O Brasil como exportador de infraestrutura científica
Normalmente o debate sobre cooperação internacional coloca o Brasil na posição de receptor de tecnologia. Essa iniciativa inverte a lógica: o país passa a exportar infraestrutura e conhecimento, especialmente para o Sul Global. Para empresas que desenvolvem projetos de P&D no Brasil, esse contexto tem um significado prático: a base científica nacional está se tornando mais robusta, mais conectada e com maior capacidade de gerar pesquisa aplicada.
A computação quântica entra nesse cenário?
Sim, e de forma acelerada. O Brasil está construindo o Centro Internacional de Computação Quântica (CIQuanta) em João Pessoa (PB), em parceria com o MCTI, o governo da Paraíba e o Suzhou Quantum Center, da China.
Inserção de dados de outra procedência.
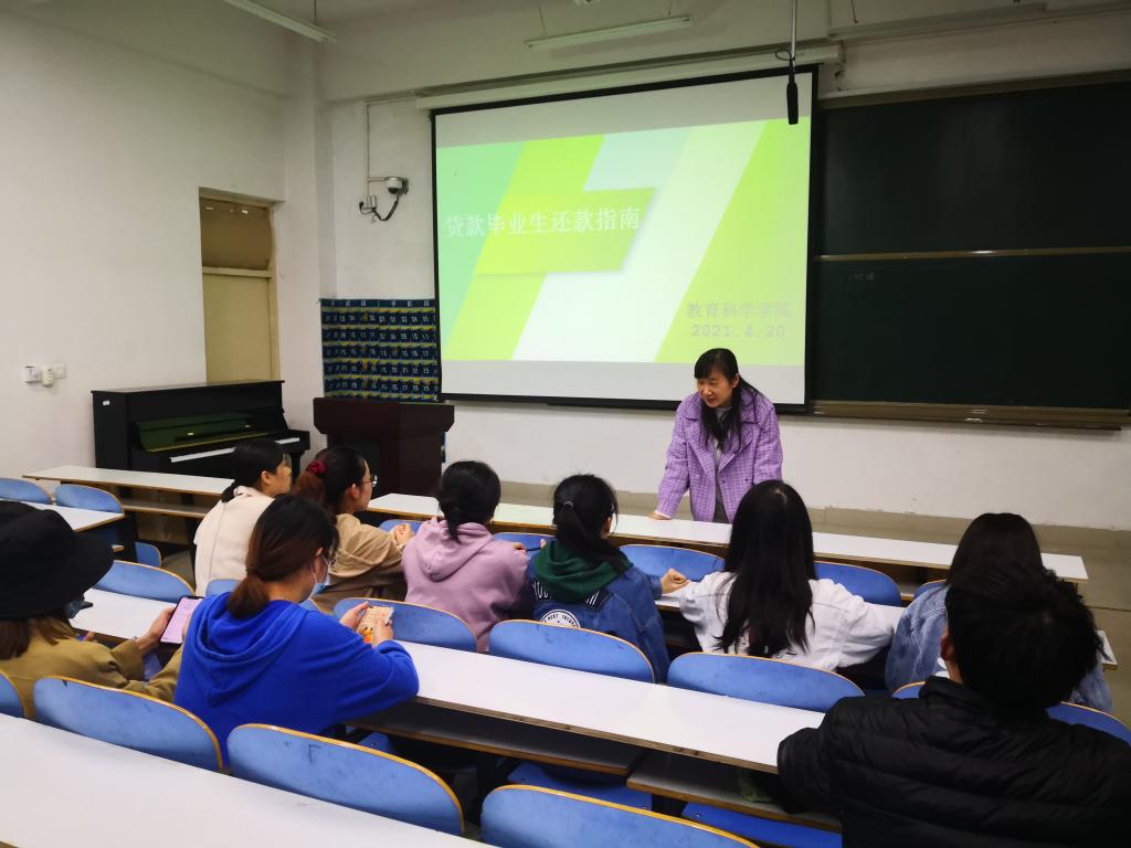 时间:2021-04-20 19:26:56 来源:伟德 作者: 阅读: 次为了进一步增强公司毕业生的诚信还款意识和社会责任感,4月20日下午,公司资助专员朱方在教科203教室针对2021届国家助学贷款的毕业生进行了“贷款毕业生还款指南”专题宣讲会。

Com investimento de R$ 150 milhões e previsão de abrigar os primeiros computadores quânticos operacionais da América Latina, o projeto amplia o horizonte do que o país poderá oferecer em termos de infraestrutura para pesquisa avançada.
Tudo isso acontece no Ano Internacional da Ciência e Tecnologia Quântica, declarado pela ONU e abraçado pela UNESCO como marco simbólico para acelerar a democratização do conhecimento quântico no mundo.
O que esse movimento revela para empresas que fazem P&D
Para quem trabalha com pesquisa aplicada, desenvolvimento tecnológico ou busca acesso a fomentos e incentivos fiscais no Brasil, o sinal é claro: o ecossistema científico nacional está se estruturando em patamares mais altos. Mais infraestrutura disponível significa mais parcerias possíveis com institutos como o CBPF, mais editais de cooperação e maior legitimidade técnica para projetos que demandem computação de alto desempenho.
Empresas que souberem navegar nesse ambiente, identificando as oportunidades de colaboração e os mecanismos de financiamento disponíveis, sairão na frente.
Vale ficar de olho no que vem a seguir
A carta de intenções assinada é o primeiro passo formal de uma cooperação que ainda vai se desdobrar em protocolos técnicos, editais e parcerias específicas. O CBPF já indicou seu representante, e a UNESCO deve anunciar os próximos países parceiros em breve.
Para quem atua com inovação e P&D no Brasil, este é um dos movimentos mais relevantes do ano: silencioso nos grandes veículos, mas com impacto real na forma como a ciência brasileira se conecta ao mundo.